=== Data provided ===

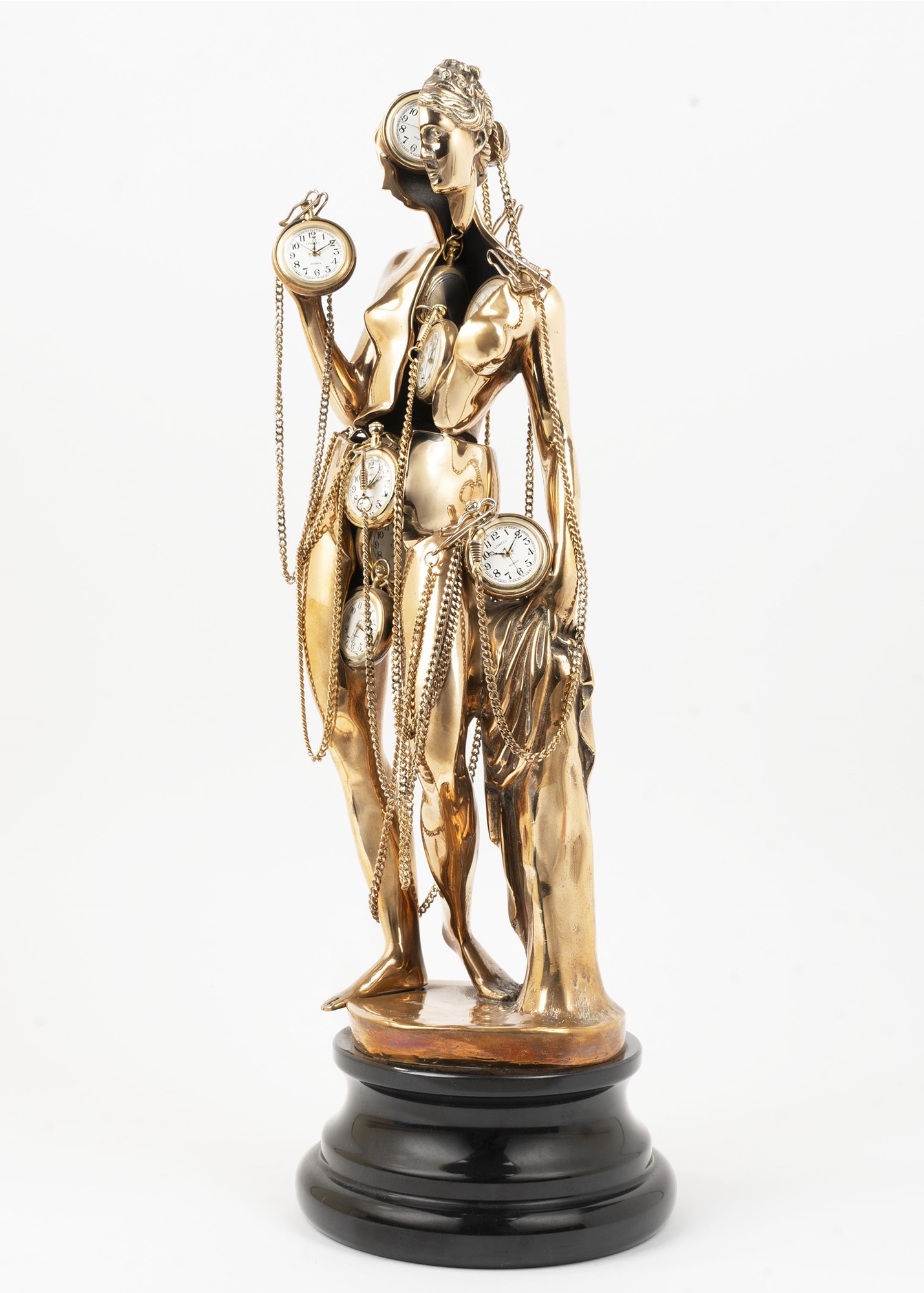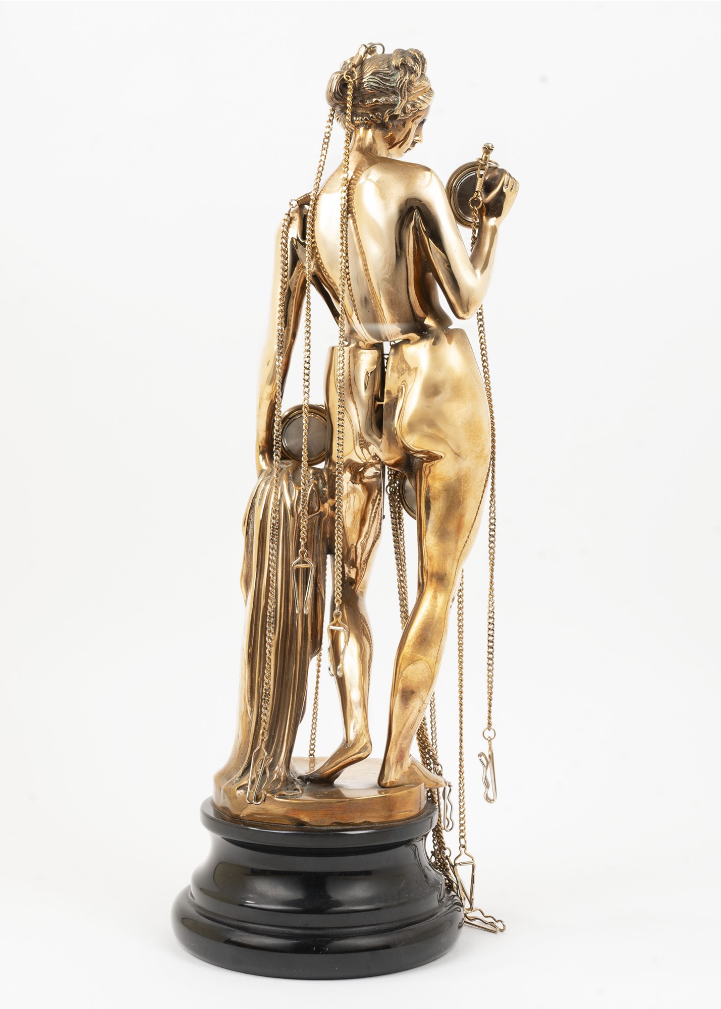 bronzo patina dorata e orologi da tasca su base in marmo nero, es. XXI/XXX
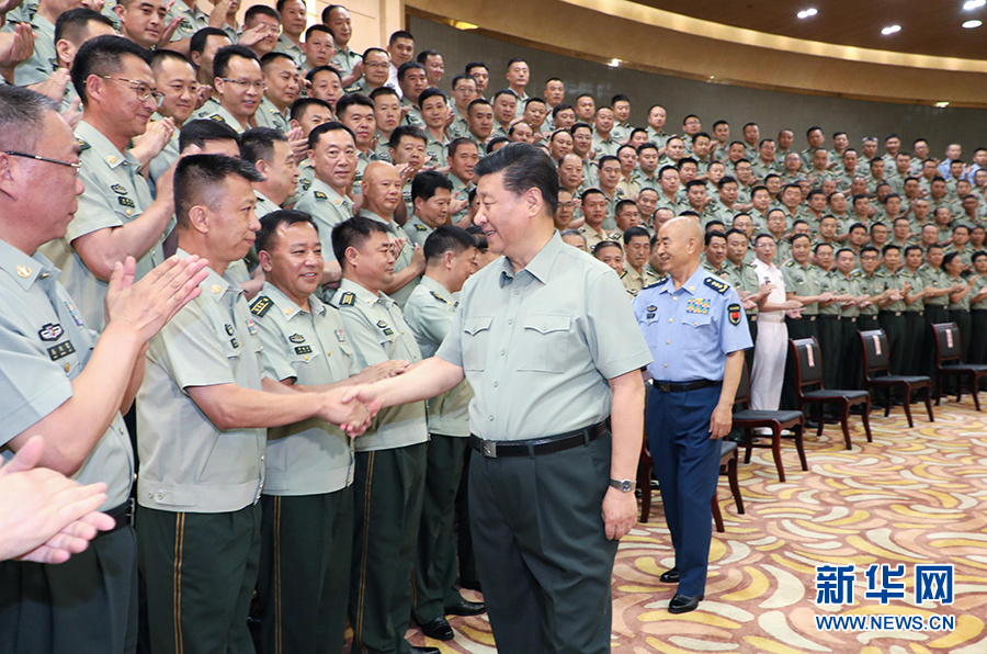 7月15日至16日,中共中央總書記、國家主席、中央軍委主席習(xí)近平在內(nèi)蒙古考察并指導(dǎo)開展“不忘初心、牢記使命”主題教育。這是16日上午,習(xí)近平在呼和浩特親切接見駐內(nèi)蒙古部隊(duì)副師職以上領(lǐng)導(dǎo)干部和團(tuán)級單位主官,代表黨中央和中央軍委向駐內(nèi)蒙古部隊(duì)全體官兵致以誠摯問候。 新華社記者 李剛 攝
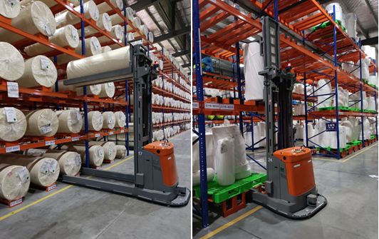 該項目共投入使用59臺今天國際定制化AGV,包括三類38臺激光導(dǎo)航叉車AGV和21臺二維碼導(dǎo)航的潛伏頂升式AGV,59臺AGV共同運行在同一個車間里,協(xié)同工作,互不干擾。AGV系統(tǒng)在不同車型的車輛管理上實現(xiàn)了完美融合,真正做到了智慧物流。AGV應(yīng)用場景包括原料、蛋糕卷、成品無人化、智能化精準(zhǔn)搬運,實現(xiàn)了在高層貨架的上下架自動搬運、平面?zhèn)}庫的自動搬運、以及半成品到使用車間的自動配送。
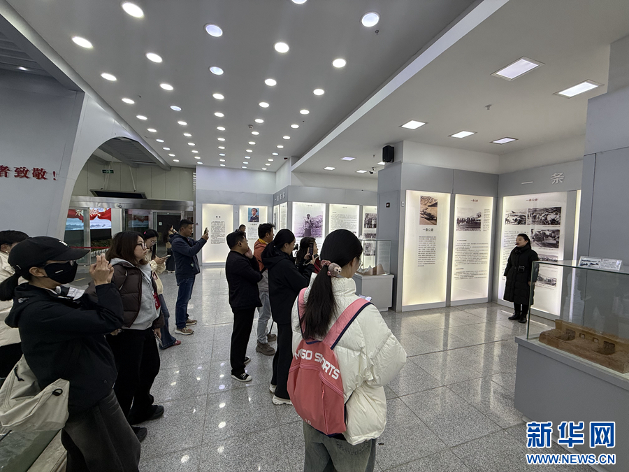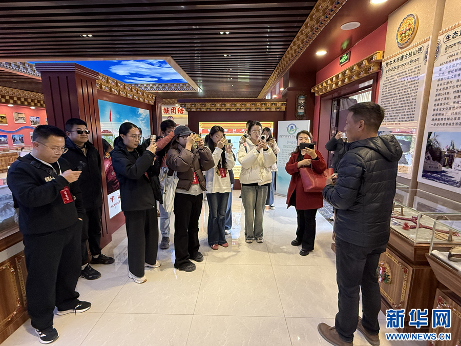 采訪團在長江源村村史館參觀。新華網 魚昊 攝
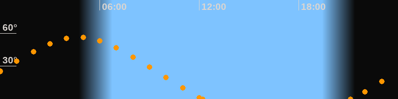 Höchster Stand (Kulmination)04:43 Uhr (h = 56.3°)
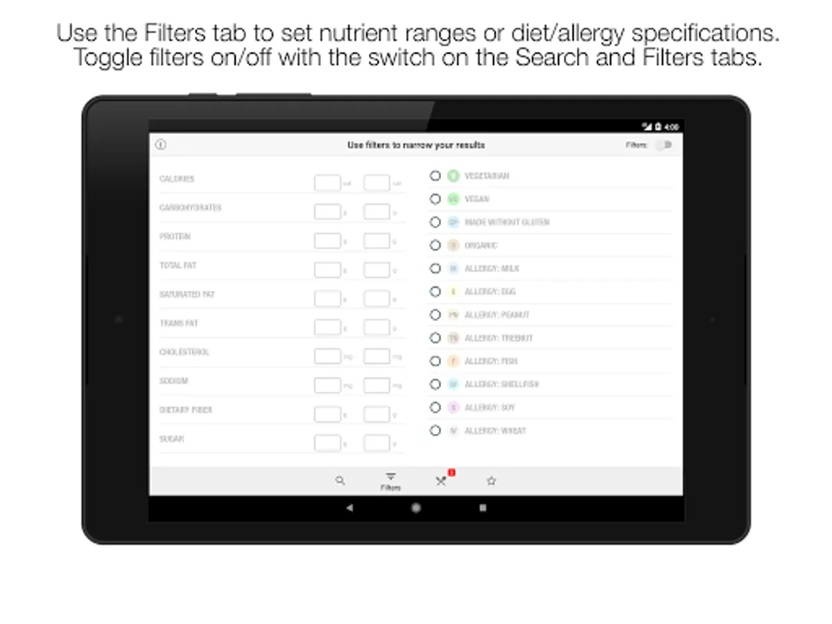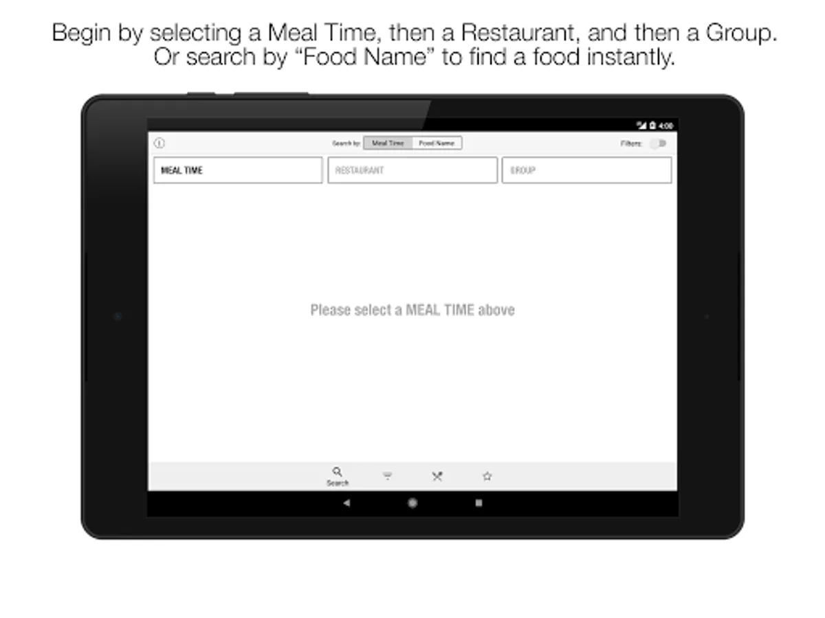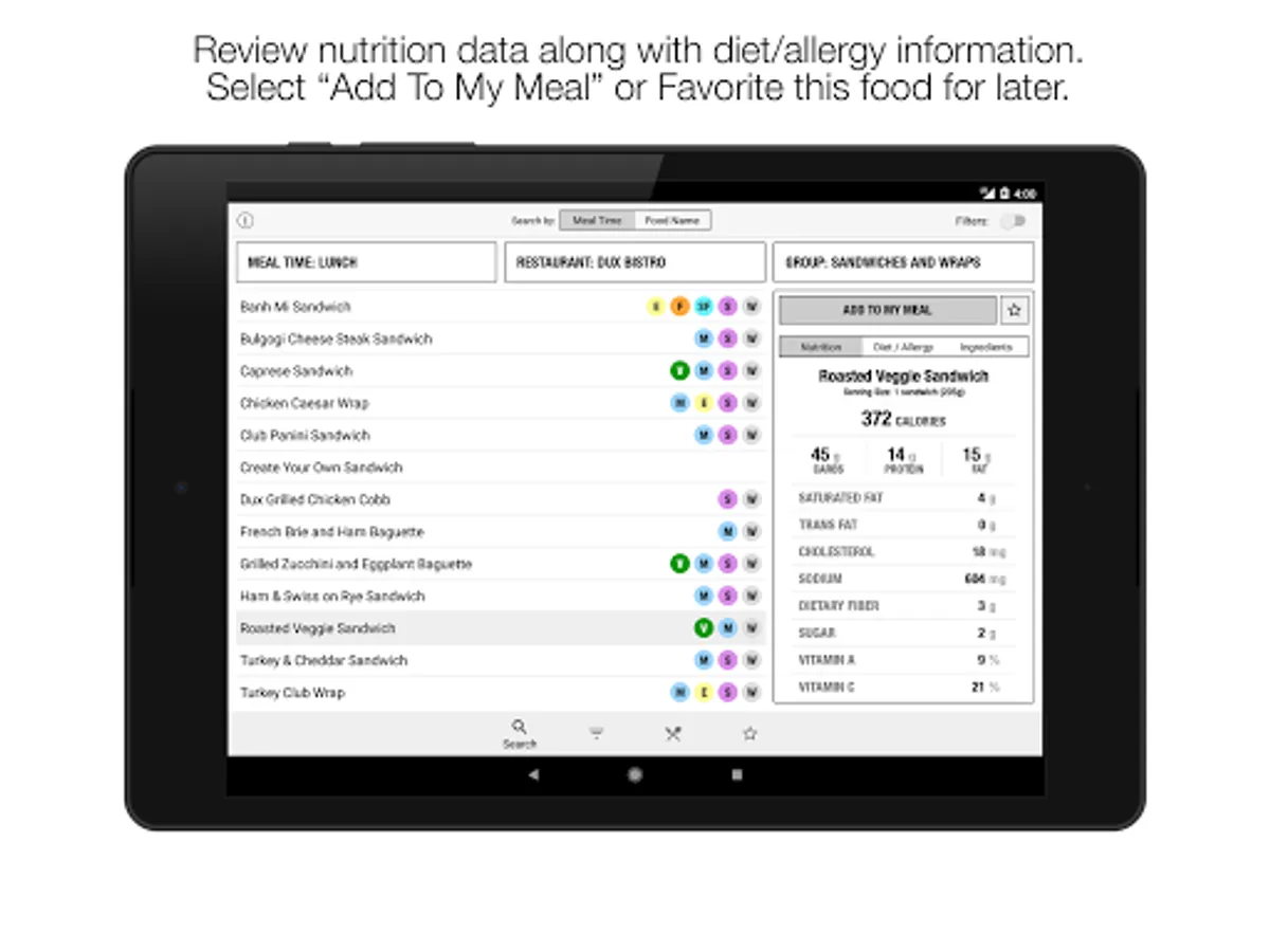 Apply filters to highlight foods that fall within specific nutritional ranges (i.e., between 0 and 20 calories), and restrict the results to foods meeting certain dietary choices (i.e., vegetarian, not soy allergy). Or search for a food directly by name and see when and where it is served.

===

_Work request_. Repeat the data word for word, minus any pictures.

_Output of the task_.
 bronzo patina dorata e orologi da tasca su base in marmo nero, es. XXI/XXX
 7月15日至16日,中共中央總書記、國家主席、中央軍委主席習(xí)近平在內(nèi)蒙古考察并指導(dǎo)開展“不忘初心、牢記使命”主題教育。這是16日上午,習(xí)近平在呼和浩特親切接見駐內(nèi)蒙古部隊(duì)副師職以上領(lǐng)導(dǎo)干部和團(tuán)級單位主官,代表黨中央和中央軍委向駐內(nèi)蒙古部隊(duì)全體官兵致以誠摯問候。 新華社記者 李剛 攝
 該項目共投入使用59臺今天國際定制化AGV,包括三類38臺激光導(dǎo)航叉車AGV和21臺二維碼導(dǎo)航的潛伏頂升式AGV,59臺AGV共同運行在同一個車間里,協(xié)同工作,互不干擾。AGV系統(tǒng)在不同車型的車輛管理上實現(xiàn)了完美融合,真正做到了智慧物流。AGV應(yīng)用場景包括原料、蛋糕卷、成品無人化、智能化精準(zhǔn)搬運,實現(xiàn)了在高層貨架的上下架自動搬運、平面?zhèn)}庫的自動搬運、以及半成品到使用車間的自動配送。
 采訪團在長江源村村史館參觀。新華網 魚昊 攝
 Höchster Stand (Kulmination)04:43 Uhr (h = 56.3°)
 Apply filters to highlight foods that fall within specific nutritional ranges (i.e., between 0 and 20 calories), and restrict the results to foods meeting certain dietary choices (i.e., vegetarian, not soy allergy). Or search for a food directly by name and see when and where it is served.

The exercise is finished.